# new to sheep



## newton the goat (Jan 26, 2017)

My family and I have decided we would like to try and get a small herd of sheep. We have found a breed we like that can survive in to weather we experience most, katahdin, and have found a few breeders in our area willing to sell to us. Is there any advice you could share with me? Or any sites you would be willing to point me towards? Anything is great.


----------



## luvmypets (Jan 26, 2017)

Katahdin are primarily a meat breed. They are very stocky and come in all kinds of colors. They do not actually have wool but rather hair that they shed off in late spring.  
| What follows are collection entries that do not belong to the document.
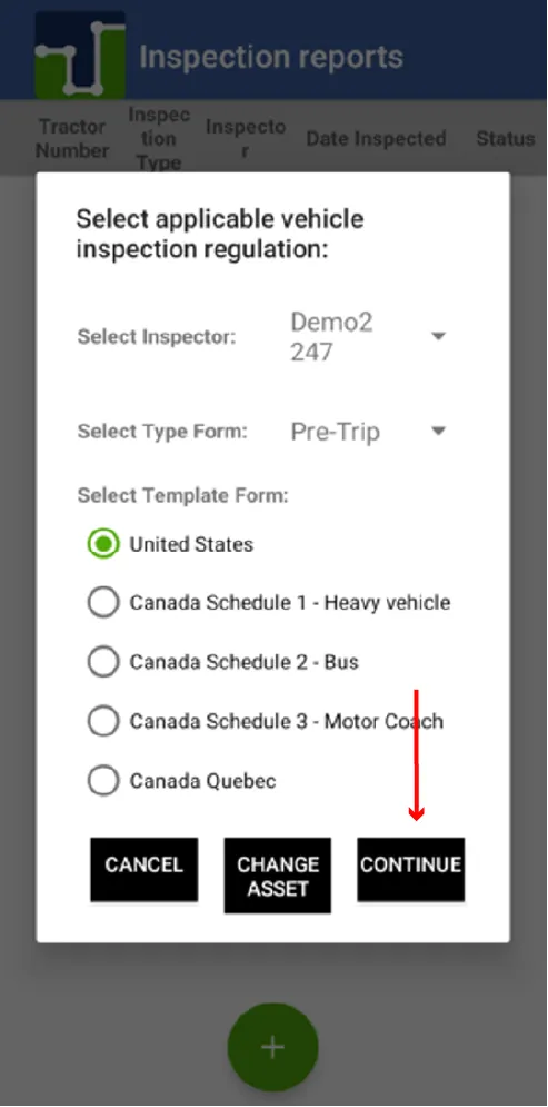 6. The following screen will appear where they must verify the inspection data and they must press continue
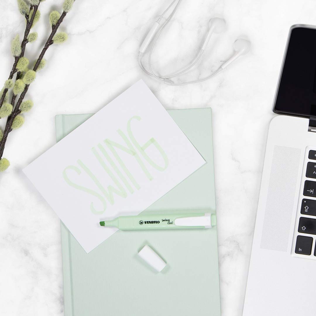 STABILO swing cool. Der Textmarker für trend- und modebewusste Schüler und Studenten und alle, die viel unterwegs sind. Die STABILO Anti-Dry-Out Technology sorgt für 4 Stunden Austrocknungsschutz und ermöglicht konzentriertes Arbeiten. Mit dem praktischem Clip und seiner schmalen Schaftform ist er der perfekte Begleiter für unterwegs.
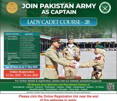 Enlist in the Pakistan Army as a Captain in December 2025 / 2026 via the latest online registration for the Lady Cadet Course.
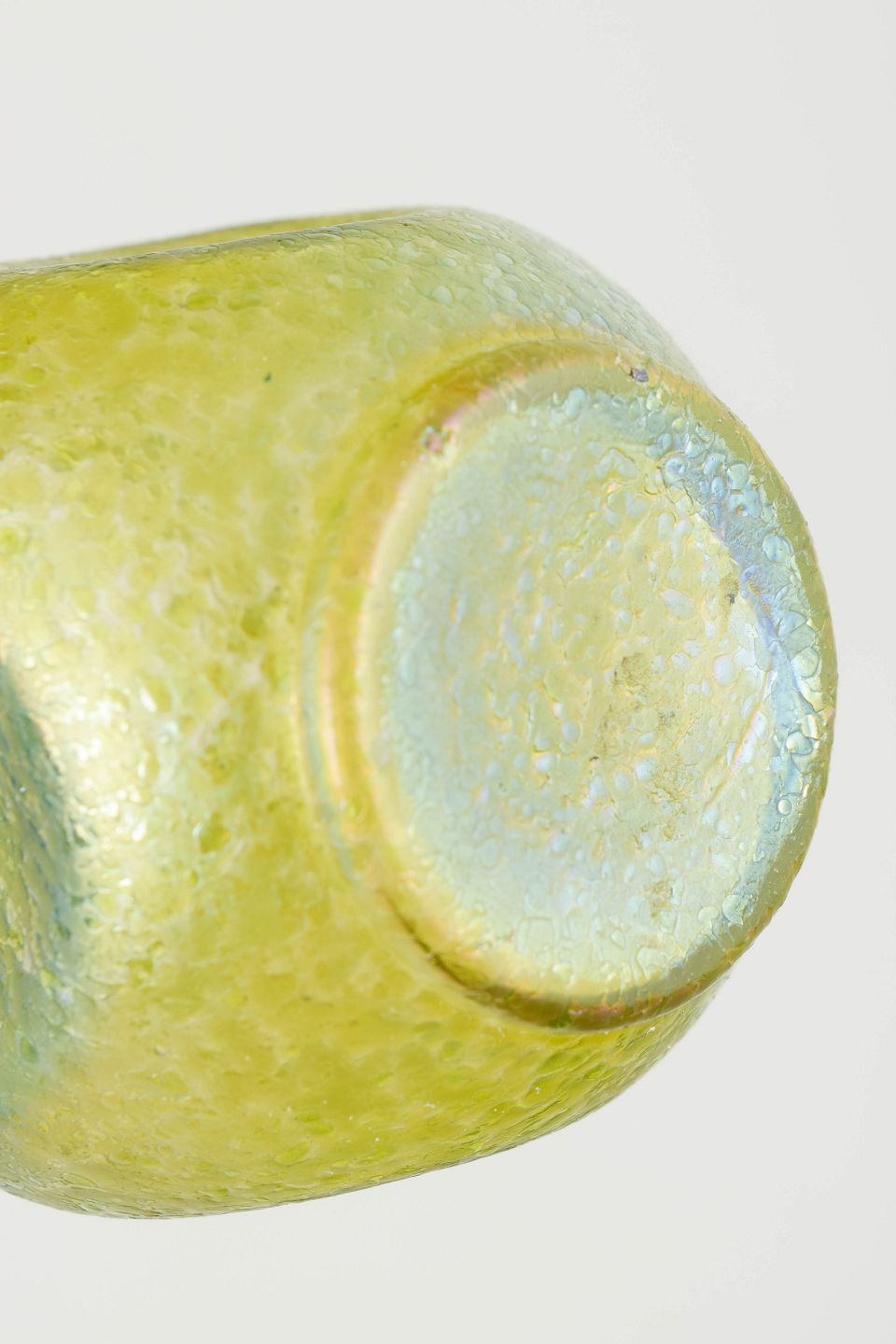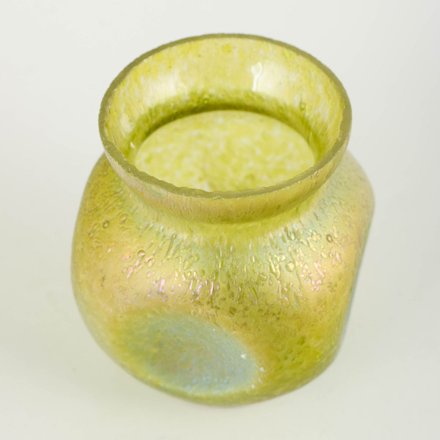 Loetz iriserende glasvase.Kompakt vase i mundblæst glas med kraftig iriserende overflade i gulgrønne og blålige nuancer. Den rundede korpus med let udadbøjet hals og subtile, organiske strukturer i glasset er karakteristisk for Loetz’ mellemkrigsproduktion, hvor levende farvespil og metallisk glans var centrale virkemidler.
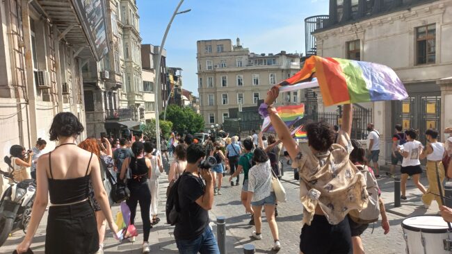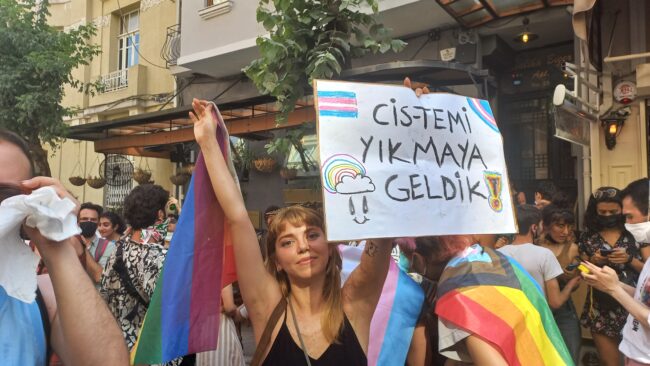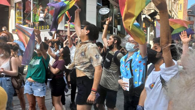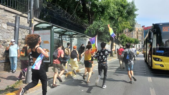Polis saldırısının ardından kitle Mis Sokak’tan Tarlabaşı Bulvarı’na doğru indi. Polis de amirin “süpürün” talimatıyla eylemcilerin ardından gitti. LGBTİ+’lar da “Aşk aşk hürriyet, uzak olsun nefret” sloganlarıyla TRT binası önüne kadar koşarak ilerledi.
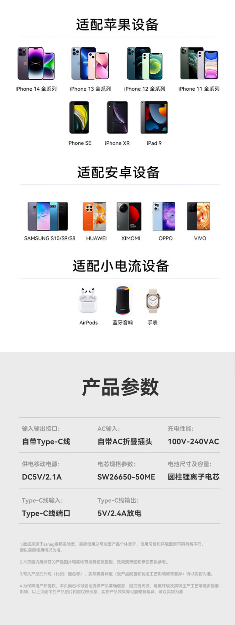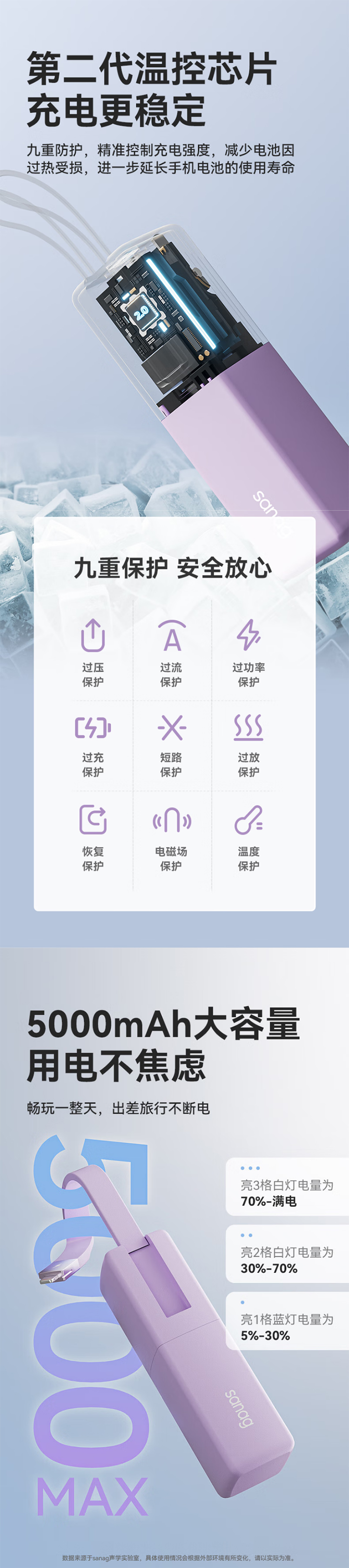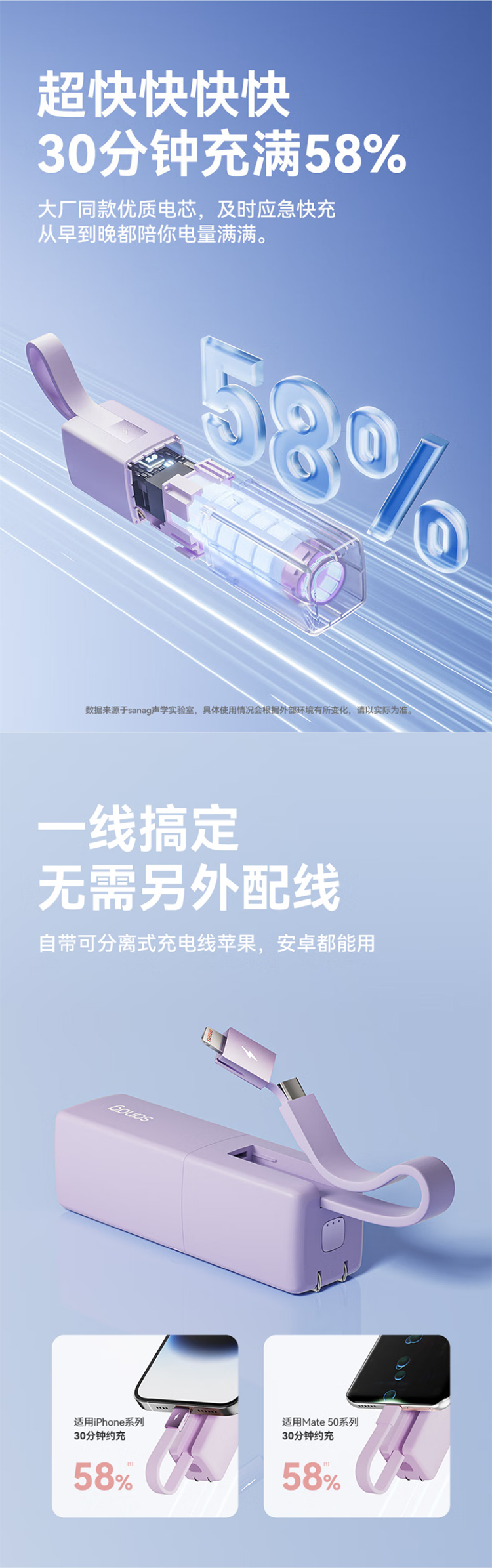 SANAG K30充电宝充电器自带线四合一能量棒苹果华为快充带插头移动电源大容量迷你小巧可上飞机1
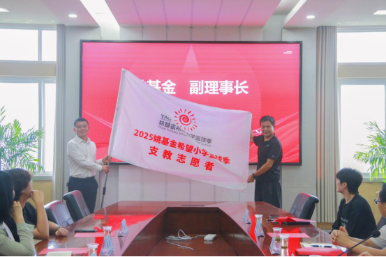 接着,进行了庄重的授旗仪式。北京姚基金会副理事长涂猛将象征着责任与使命的“姚基金希望小学篮球季支教服务队”队旗授予九游会国际。何斌院长代表学校接旗。这面旗帜的传递,不仅代表着任务的交接,更象征着爱心与希望的延续。
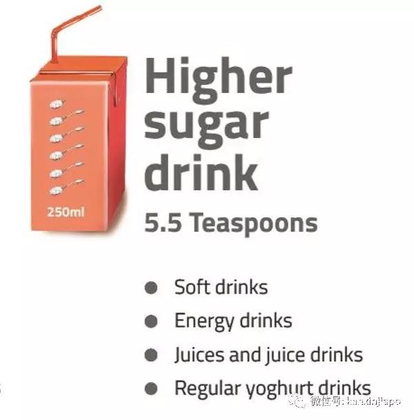 根据新加坡保健促进局的规定,如果250毫升的饮料含5.5茶匙以上的糖分,便归为高糖饮料~汽水、能量饮料、鲜榨果汁、酸奶等饮料通通中招…….
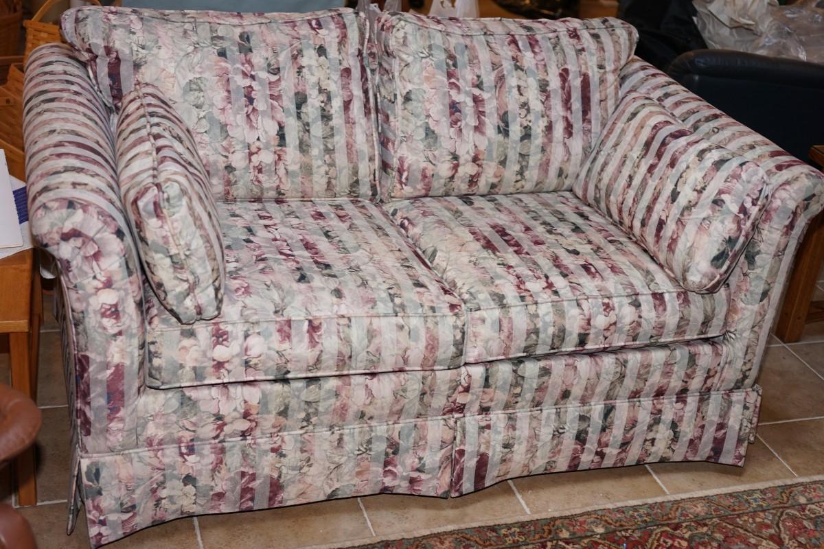 ROWE  TWO SEAT LOVESEAT - DAMASK STYLE FABRIC /MAGNOILIA / MAUVE W/IVORY COLORS
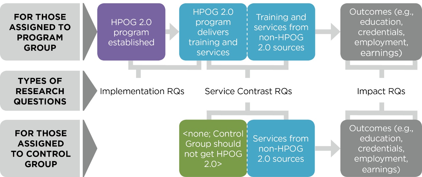 In contrast, those randomly assigned to the control group (the bottom row of the exhibit) are not offered access to the HPOG 2.0 program, but may obtain training and other support services from other sources. The same set of outcomes emerges, though possibly at different levels: education and credentials, employment and earnings, public assistance, and overall well-being.
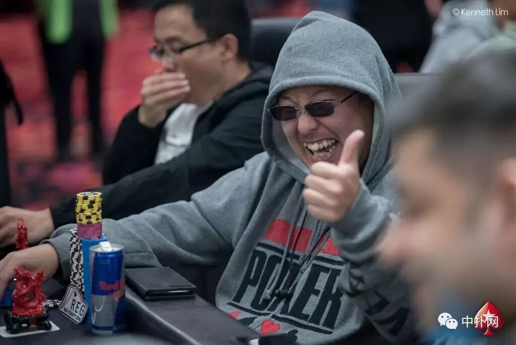 摊牌位:小风:Q♦ J♦ ,SB位:K♥ K♠,BB位:A♦ A♠ ,再次引起牌桌惊呼。
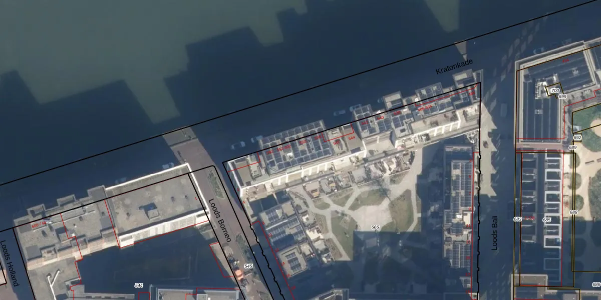 Kratonkade 550 is gelegen op kadastraal perceel DHV00G666. Deze kadastrale aanduiding is uniek en wordt gebruikt door het Kadaster om eigendomsrechten en andere zakelijke rechten vast te leggen. Het perceel maakt onderdeel uit van de kadastrale gemeente Delfshaven.
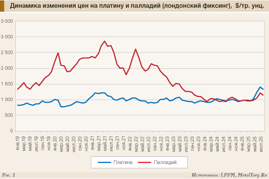 На фоне стремительного роста цен на золото и серебро рынок двух основных металлов платиновой группы (МПГ) – платины и палладия – на протяжении всего 2024 года выглядел довольно спокойно. Динамика цен в целом была сдержанной, но все же отрицательной относительно предыдущего года. Сказалось сокращение заказов со стороны автомобильной промышленности. Палладий подешевел за прошлый год на 27%, до средних $984 за унцию, платина – на 1%, до $956 за унцию (рис. 1).
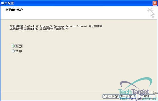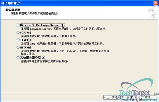 选第一项“Microsoft Exchange Server”,然后点“下一步”:

Something no one told us when we first bought sheep was that you need to feed them loose minerals. I use Dumor Sheep mineral and buy it in 50lb bags. Also do you plan on breeding? 

I suggest before your new additions home you research a lot of different things. I read tons of articles ranging from rare diseases to supplementing and diets. You can never know to much and there is always something new to learn


----------



## newton the goat (Jan 26, 2017)

luvmypets said:


> Katahdin are primarily a meat breed. They are very stocky and come in all kinds of colors. They do not actually have wool but rather hair that they shed off in late spring.
> 
> Something no one told us when we first bought sheep was that you need to feed them loose minerals. I use Dumor Sheep mineral and buy it in 50lb bags. Also do you plan on breeding?
> 
> I suggest before your new additions home you research a lot of different things. I read tons of articles ranging from rare diseases to supplementing and diets. You can never know to much and there is always something new to learn



We would like to breed and eventually build up our flock. We have researched a ton on different breeds and decided on this one because it is a heartier breed and the plus is we don't have to shear them. Any minerals in specific you have found are needed the most? Or anything I should look out for on the sheep we buy?


----------



## luvmypets (Jan 26, 2017)

newton the goat said:


> We would like to breed and eventually build up our flock. We have researched a ton on different breeds and decided on this one because it is a heartier breed and the plus is we don't have to shear them. Any minerals in specific you have found are needed the most? Or anything I should look out for on the sheep we buy?


The Dumor Sheep Mineral is a mixture of all the essential minerals to the sheep. I feed free-choice(available at all times) and they nibble on it as they need it. 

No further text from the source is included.